A distressing new baby food study has been making the rounds on the internet the last week or two, and we’re here to separate fact from fiction. The Clean Label Project is a non-profit organization that fights for “transparent labeling” on baby food products. They recently tested 500+ baby food products, and found that “65% of products tested positive for arsenic, 36% for lead, 58% for cadmium and 10% for acrylamide.” These are toxins are of course of great concern for new mothers and their little bundles of joy. Over the years, arsenic has been linked to “developmental defects, cardiovascular disease, neurotoxicity, diabetes and even cancer, according to the World Health Organization.”

According to the study, arsenic was the toxin most commonly found in the products tested. Arsenic was detected in a staggering 80% of the products tested. Rice snack puffs seem to be of the biggest concern, as they had “some of the highest levels of arsenic.” The FDA’s had hoped to limit arsenic in puffed rice treats to 100 parts per billion, but it’s unclear at this time if they’re actually enforcing it.

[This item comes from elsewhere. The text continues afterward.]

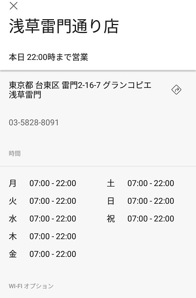 住所・電話番号・今日は何時まで営業しているのか・営業スケジュールが一目で分かるようになっているほか、ルート案内やWi-Fiオプションの有無を確認することなどもできます。

Arsenic wasn’t the only concerning chemical found. Researchers also detected varying levels of lead and BPA. What’s may be most concerning is that are a large number of these products were specifically not marketed as not containing chemicals, with 60% of the product being labeled as “BPA free”.

As disturbing as the news of this study is, questions do remain. Most important of them being, “Is this study accurate?” That’s the question on everyone’s mind because the study was not published in a peer-reviewed journal, and the data and methods used were not provided.

Ultimately, while questions remain it’s more important than ever for us to not only read labels, but to ask questions. Ask the store associate, ask the product manufacturer, and we should even be asking questions of the researchers completing studies.